Les chiffres sont têtus et personne ne peut plus contester la prise de position d'Internet en tant que média. A fin 2005, il représente déjà 5,9 % du marché publicitaire (cf. encadré) suite à une croissance de ses revenus bruts de 74 % par rapport à 2004 quand le marché plurimédia évoluait de +5,9 %. Déjà, en 2004, Internet avait connu un bond de 78 % par rapport à l'année précédente. Ces excellents chiffres doivent en plus être tempérés par le fait que TNS Media Intelligence ne mesure que la seule activité publicitaire (bannières, boutons, sponsoring, opérations spéciales) sur Internet et ne traite donc pas les liens sponsorisés. Cette déferlante du média Internet et des nombreux sites qu'il abrite consacre définitivement le morcellement progressif du marché publicitaire. Il semble évident, aujourd'hui, que le phénomène d'atomisation des médias soit irréversible. Si la presse est historiquement coutumière du fait par une segmentation toujours plus fine de son offre (l'APPM site le nombre de 466 nouveaux magazines lancés pour la seule année 2005, soit une hausse de 4,5 % vs 2004), le phénomène touche de plus en plus l'audiovisuel poussé par l'émergence de nouvelles technologies.
Bien évidemment ce tour d'horizon de la fragmentation ne serait pas complet sans évoquer le (futur) nouveau grand média, à savoir Internet. Sa force réside tout à la fois dans sa capacité à être un média “one to many” que “one to one”. Selon les technologies utilisées, l'annonceur pourra, dès la mise en ligne de sa publicité, mesurer les premiers retours sinon sur investissements au moins sur l'intérêt suscité par sa campagne. Progressivement les tabous tombent un à un, et l'on constate une montée en puissance du média Internet pour les produits de grande consommation. Certes, la part que ces annonceurs consacrent au média reste encore bien modeste (1,7 % vs 77,6 % pour la télévision) mais la phase d'expérimentation est aujourd'hui terminée et Internet s'invite dans les stratégies médias. Entre 2004 et 2005 les sommes investies sur ce média ont doublé pour l'alimentaire, ont été multipliées par 2,4 pour la toilette beauté, par 6 pour les boissons et par 4 pour l'entretien, alors que dans le même temps les investissements totaux de ces secteurs plongeaient de 8,4 %. En 2005, Internet est le seul média à avoir ainsi résisté aux coupes budgétaires des annonceurs de la grande consommation.
Au final, sur l'ensemble des secteurs, le média Internet a accru son portefeuille annonceurs de 30 % entre 2004 et 2005 et de 57 % en trois ans.

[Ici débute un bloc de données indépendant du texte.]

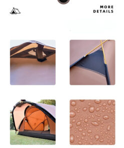 - Tent flysheet material: 210T anti-tear polyester – tape seam sealed (PU2500MM waterproof index).

Cela prouve bien le référencement de plus en plus fréquent du média dans les stratégies des marques. Après ce rapide tour d'horizon flatteur sur l'atomisation des médias, il convient cependant de remettre quelques données à leur juste place : malgré ce phénomène général de morcellement, les recettes brutes des médias restent encore bien concentrées. En télévision, les six chaînes hertziennes nationales représentent encore 90 % du média télévision. En presse magazine, 15 titres sur les 334 étudiés par TNS couvrent 38 % des recettes du média. En radio, les trois principales stations représentent 41 % des recettes du média sur les 19 stations nationales mesurées. Et même sur Internet, malgré l'offre pléthorique de sites, les portails et moteurs de recherches couvrent à eux seuls 34,2 % du média devant les fournisseurs d'accès (28,6 %). Or ces deux catégories de sites abritent moins de 10 sites qui s'arrogent près de 63 % des recettes du média.
On peut alors conclure qu'il existe non seulement un morcellement de l'offre publicitaire mais aussi que cela est clairement visible dans la mesure des investissements consacrés par les annonceurs. Mais ces derniers restent prudents car l'émergence de leurs marques est, certes, primordiale mais il existe une incontestable prime aux leaders, à ceux qui prouvent, chiffres à l'appui leur force et leur intérêt pour la marque. Là encore Internet aura été un bon exemple, car après des sur promesses, il aura fallu cinq longues années et une certaine “rentrée dans le rang” pour qu'enfin les annonceurs non technologiques y arrivent en masse. Les instruments de mesure, à commencer par l'audience, sont donc d'autant plus utiles pour rassurer. Le mouvement d'atomisation s'amplifiera certainement à l'avenir avec le développement du média téléphone mobile, mais la seule modernité ne suffira pas à convaincre les annonceurs.